Out of scope (deferred)

• DSR scaffold and consent abstraction (Epic B)
• Security headers + rate-limit + SBOM (Epic C)
• Compliance fill-in docs (Epic D)
• retention-must-be-declared ESLint rule (see Q1 above)
• lastAccessedAt field hook + true "from-last-access" retention (see Q2)
• compliance/manifest.lock.yml for faster --check (see Q3)
• Backfill of any Payload auth: true collection beyond users (none exist yet)

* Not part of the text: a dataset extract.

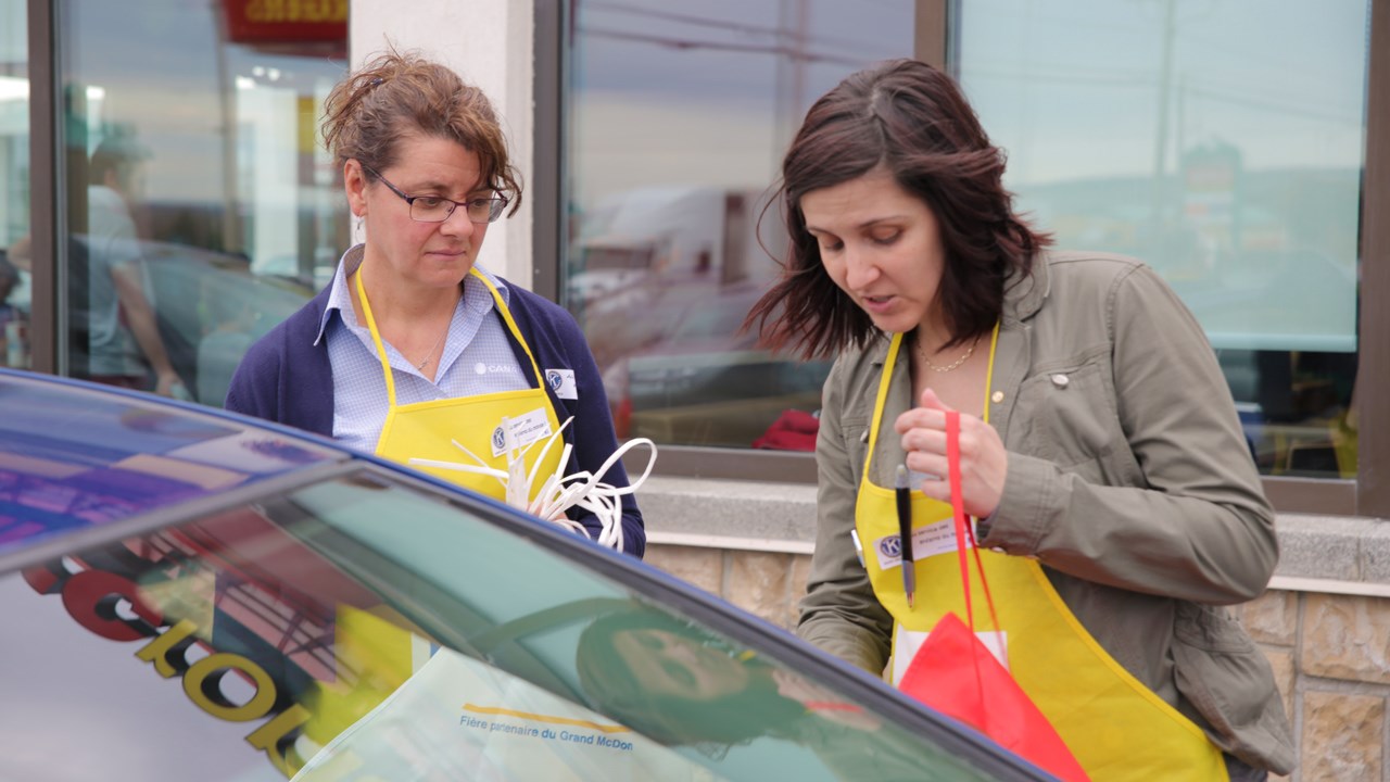 Les bénévoles ont travaillé fort à l'extérieur du restaurant afin de vendre des articles promotionnels dont les recettes seront remises au Club des Kiwanis.

• Cross-region transfer documentation (DPIA / TIA) — Epic D's territory
• Migration tooling for downstream consumers upgrading from a pre-ADR-025 version of the template (the template hasn't been versioned with consumers yet; no migration needed)

Further notes

• Builds on: ADR-018 (audit channel — purge emits audit entries), ADR-022 (library evaluation policy — extended for sub-processor fields), ADR-023 (CI security + supply chain — pre-commit + CI integration follows the established pattern), ADR-025 (strategy umbrella).
• Pairs with: Epic B PRD dsr-consent-and-cookie-banner.prd.md (consumes A's PII tags for DSR cascade); Epic D PRD compliance-docs-scaffolds.prd.md (references A's generator output formats in .example.yml files).

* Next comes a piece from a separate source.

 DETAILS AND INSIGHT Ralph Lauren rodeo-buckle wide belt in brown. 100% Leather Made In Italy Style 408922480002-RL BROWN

• Sequencing: Epic A is the dependency-graph root for Epic B. Epic B's PRD will be authored once Epic A's stories are at least partially dispatched (decomposer needs A's type primitives to settle B's interfaces).
• Stakeholders: template authors (most affected — three new generators, ESLint rule, ADR-022 amendment), downstream consumers (positively affected — gain three compliance artifacts), AI agents operating in feature code (positively affected — typed Payload custom config catches invalid declarations at compile time), compliance reviewers (positively affected — compliance/ directory becomes audit evidence).